Puede consultarse el estado de ratificación de los Estados firmantes del Convenio en la página web de la Conferencia de La Haya: http://www.hcch.net/index_es.php?act=conventions.status&cid=84
[12] Ilustrativo es el FJ 5º de la Sentencia del Juzgado de Primera Instancia N.34 de Barcelona: «Para concluir pues si el Convenio es o no aplicable al caso de autos no es necesario analizar y resolver si el sistema TCAS, instalado en las aeronaves siniestradas y fabricado por las demandadas, era o no defectuoso y si causó o contribuyó a la causación del accidente aéreo del día 1 de julio de 2002, como lo entienden ACSS y Honeywell en su contestación a la demanda. Ello constituye precisamente el objeto del proceso, determinar y resolver si el producto fabricado por las demandadas adolece de alguno de los defectos que detalla la parte actora y su relación con el resultado lesivo, lo que se hará con la debida valoración conjunta de la prueba practicada. No puede pretenderse que se analice si el producto TCAS instalado era o no defectuoso y su relación con el siniestro para determinar si el Convenio es o no aplicable. A estos últimos efectos, bastará que se ejercite una acción sobre la responsabilidad de los fabricantes de un producto acabado o de sus componentes que se considere defectuoso, por los daños que dicho producto, en los términos del Convenio, haya causado, como es el caso que nos ocupa, de modo que, en base a la ley aplicable a la que lleve el Convenio, la parte demandante preparará su demanda y sus pretensiones concretas».

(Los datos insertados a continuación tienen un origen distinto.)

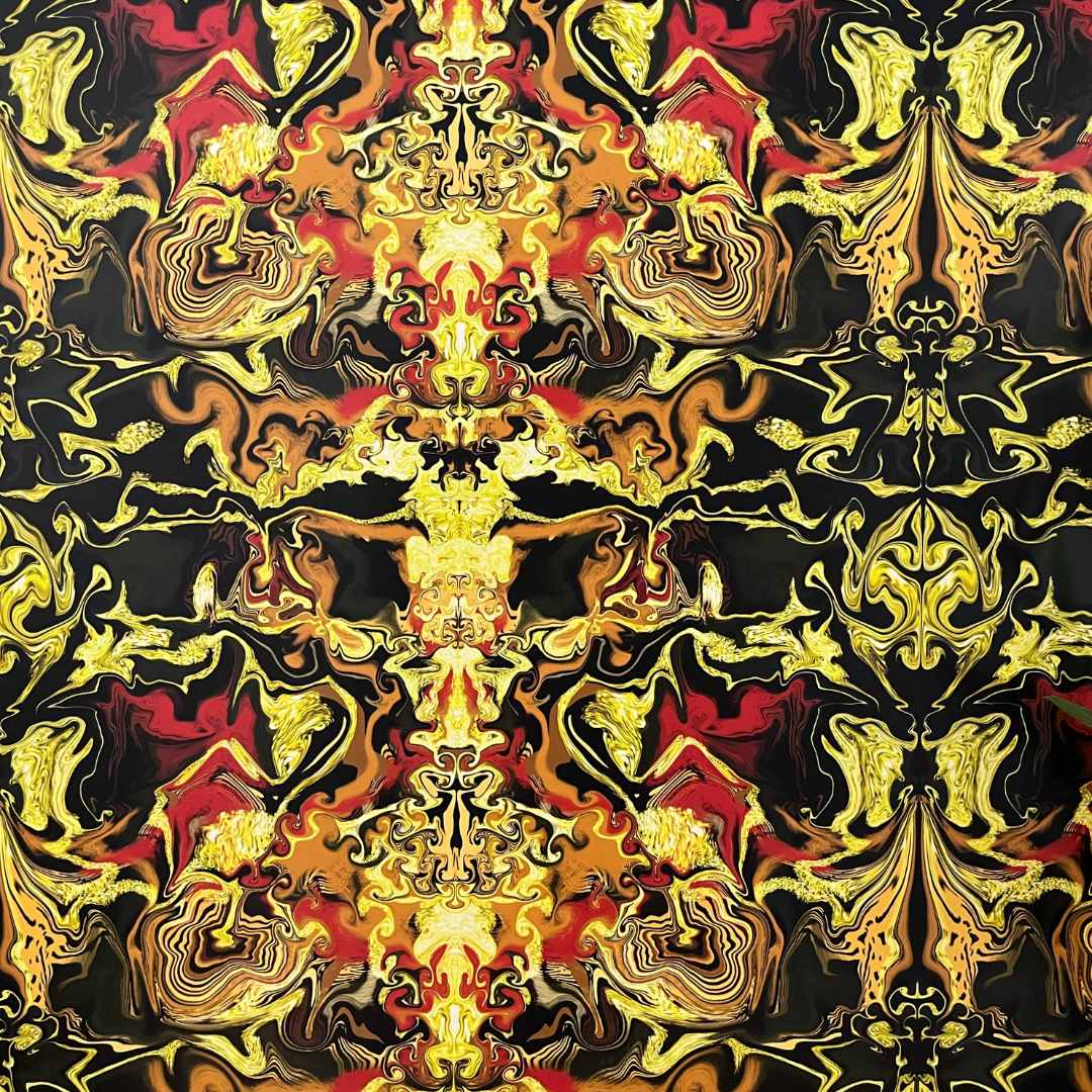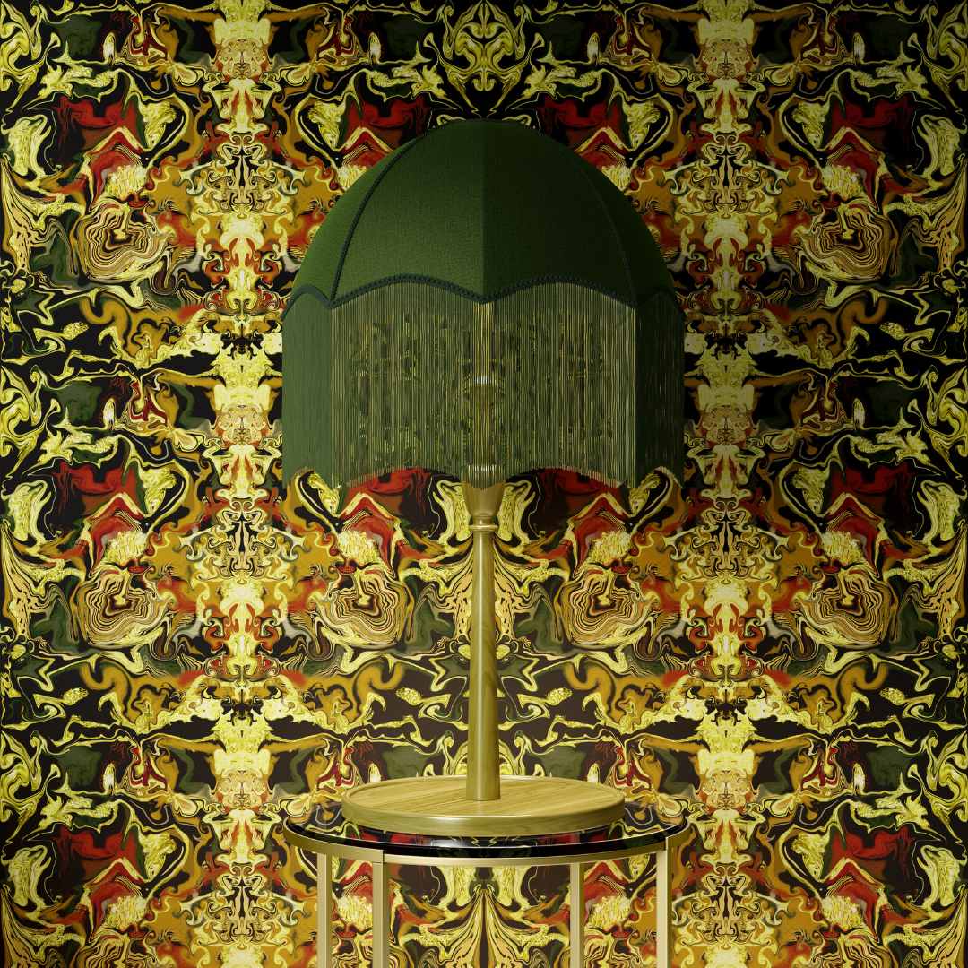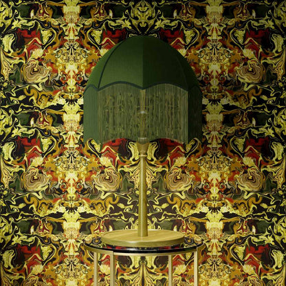 Introducing our mesmerizing Gilded Wine Wallpaper by Liberty James Studio, a true masterpiece of maximalist design. This eye-catching creation dazzles with its vibrant array of formations, resplendent in shades of gold that dance across the canvas in a symphony of opulence. Abstract shapes intertwine, weaving a tapestry of richness that seamlessly blends deep reds and lush greens, igniting the senses with a dynamic visual feast.

[13] Artículo 5b) CH’73: «No obstante lo dispuesto en el artículo 4, la legislación aplicable será el Derecho interno del Estado de residencia habitual de la persona directamente perjudicada en el caso de que dicho Estado sea también: (…) b)  el Estado en cuyo territorio hubiese sido adquirido el producto por la persona directamente perjudicada».
[14] Artículo 6 CH’73: «En el caso de que no fuere aplicable alguna de las legislaciones señaladas en los artículos 4 y 5, será aplicable el Derecho interno del Estado en que se halle el establecimiento principal de la persona a quien se le imputa la responsabilidad, a menos que el demandante base su reclamación en el Derecho interno del Estado en cuyo territorio se hubiere producido el daño».
[15] SAP Barcelona (sección 17ª ), de 7 de mayo de 2012, FJ 3º: «es tal el interés de las demandadas en que no se les aplique la Ley de sus respectivos Estados, que no sólo promovieron no ser juzgadas en su territorio por sus tribunales, sino que aquí han planteado, y mantenido en su recurso, que en caso de ser de aplicación el Convenio de la Haya, sería aplicable la legislación rusa, conforme a lo establecido en el artículo 5 b) de dicho Convenio».